We will work alongside industry partners to identify the types of deposits that can be profitably extracted while simultaneously minimising any damage to the environment, and we will investigate the potential for more sustainable methods of lithium extraction using microbial processes.
The Natural History Museum are co-leading two of the work packages focused on how lithium behaves in geological systems associated with volcanoes, sedimentary basins and more complex geological systems.
These two packages complement other packages investigating lithium salar brines like the ones in the Andes of South America and other packages looking at global resources and a more sustainable lithium supply chain.
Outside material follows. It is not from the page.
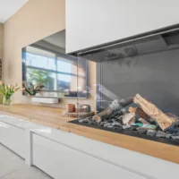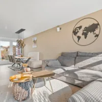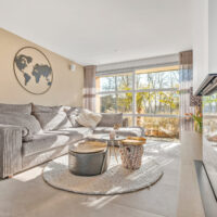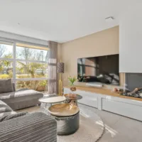 De begane grond is in 2021 grotendeels vernieuwd. De woonkamer is modern en sfeervol, met een op maat gemaakt meubel voorzien van een Dru gesloten gashaard die eenvoudig via een app te bedienen is. Brede berglades bieden extra opbergruimte en het kamerhoge raam zorgt voor veel daglicht.

The Natural History Museum will apply its advance mineralogical expertise supported by its state-of-the-art analytical facilities to the science questions. One of our latest instruments includes a new TESCAN TIMA automated analytical scanning electron microscope, recently purchased using a successful NERC capital grant.
The Museum researchers will be addressing the following scientific questions:
- How does lithium become enriched in the volcanic rocks and basins formed near to late-stage volcanoes in arc systems?
- Which minerals does lithium becomes incorporated into that may become potential economic sources for the metal in such basins?
- How did the giant Jadar lithium-boron deposit in Serbia form that is hosted in a Miocene-age volcano-sedimentary basin? The deposit, discovered by Rio Tinto in 2004, contains huge amounts of the unique new mineral jadarite, first characterised by Natural History Museum scientists.
- How does lithium become enriched around granites and pegmatites and are these rocks always related?
The Natural History Museum leads the regional lithium assessment based on field sampling of most prospective sites and their mineral characterization.
Developing a new quantitative understanding of the processes that link magmatic and sedimentary deposits, and brines, to aid in the search for new, sustainable lithium resources, together with innovative assessment of environmental impacts.
Total value of grant: £2.5 million with £307,000 for science at the Natural History Museum.